The Story
Why it exists.
The beginning
Some fragrances are built to make a statement. Others are built to simply be there, reliable, uncomplicated, present. Galimard's workshops in Grasse invite visitors to choose their own raw ingredients, to feel the weight of jasmine petals and the rustle of dried botanicals on the vine. Numéro 1 grew from that spirit of hands-on connection. The concept traces a single path: from sharp citrus brightness down through cool greens to a warm base that settles close. Stems, then blossoms, the brand's own language for a fragrance that respects its own arc.

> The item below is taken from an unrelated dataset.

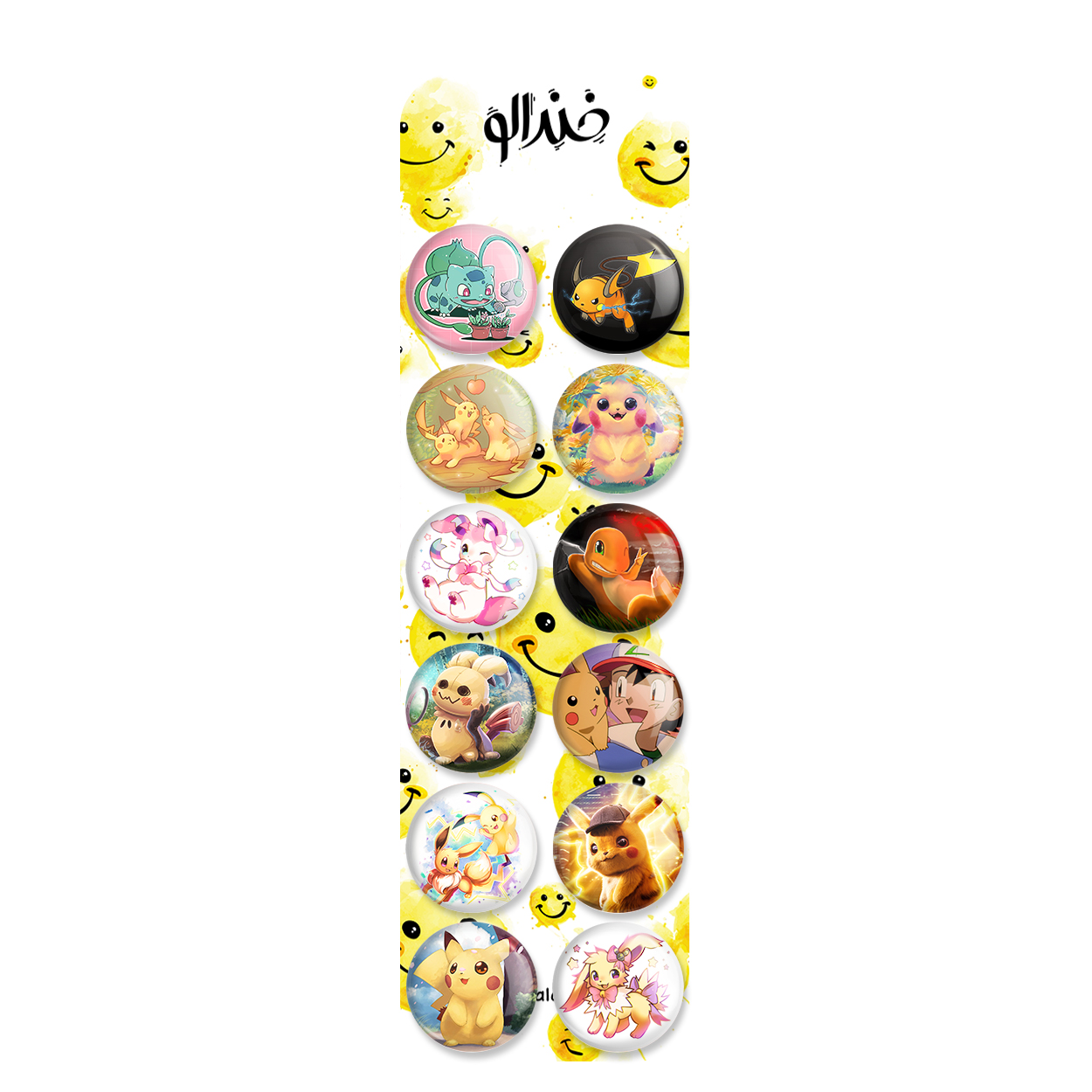پک 12 عددی پیکسل خندالو طرح انیمه پوکمون (Pokemon) با روکش سلفون حرارتی براق ضدخش و قطعه پشتی رنگی تولید شده است. قطعات پشتی از میان 6 رنگ سفید، مشکی، صورتی، زرد، آبی و قرمز که با توجه به نوع و رنگبندی طرح روی پیکسل انتخاب شده اند تولید می شود و در هر بسته بندی مطابق عکس محصول می باشد. قطعات پلاستیکی پشت پیکسل با سوزن یک تکه ثابت و بدون لغزش و جا به جایی، ایستایی بسیار بهتری نسبت به پشتی فلزی پیکسل دارند که این مهم در تولید این محصول نیز رعایت شده است.

The name alone carries intention. Numéro 1 isn't a signature scent seeking a crowd. It's the reference point, the house's cleanest read on what a daily fragrance should feel like. Lemon and grapefruit give the opening the kind of clarity that works at eight in the morning or two in the afternoon. Rosemary adds a Provençal herbal edge, medicinal, green, slightly bitter, keeping the citrus honest rather than sweet. The aquatic-in-floral heart is where most fragrances in this category play it safe; Galimard introduces lily of the valley here, a note that reads cool and still rather than sweet or feminine.
The evolution
The opening hits hard in the first thirty minutes, grapefruit bright, rosemary sharp, a slightly medicinal clarity that borders on clinical. By the hour mark, that intensity relents. The citrus recedes; the rosemary takes center stage, increasingly herbal, losing its initial sharpness. By the second hour, even the herbal note begins to quiet. What emerges is the aquatic heart: lily of the valley and water notes giving an impression of cool depth, still water rather than crashing waves. The patchouli arrives without ceremony, smooth, warm without being sweet, woody but not earthy, guiding the composition toward its final form. One reviewer described the rosemary as faint yet strangely charming, lacking the warmth and spice expected. This is the tell: personal chemistry rewrites the phases. What arrives sharp on one wrist dissipates faster on another. By late afternoon, the drydown settles into its final register, sage, patchouli, musk, a gentle skin warmth that earns its moderate sillage honestly. Refuses to shout when the day doesn't call for it.
Cultural impact
Galimard's 1 launched in 2020 as part of a broader movement in French perfumery toward cleaner, more streamlined aromatic compositions. The fragrance house, rooted in Grasse since its founding, has long straddled heritage craft and modern wearability; 1 represents their answer to changing consumer preferences toward versatile, daytime scents that don't shout. In cultural terms, 1 occupies a particular niche in a fragrance landscape increasingly dominated by heavywoods and oud-forward releases, positioning itself as an antidote to that visual and olfactory noise. The citrus-aromatic category it enters has its own history within French perfumery, tracing back centuries to colognes and toilet waters that traveled from Cologne across Europe. Galimard's take adds their house-specific herbalism and a lily of the valley heart that feels distinctly French in its restraint.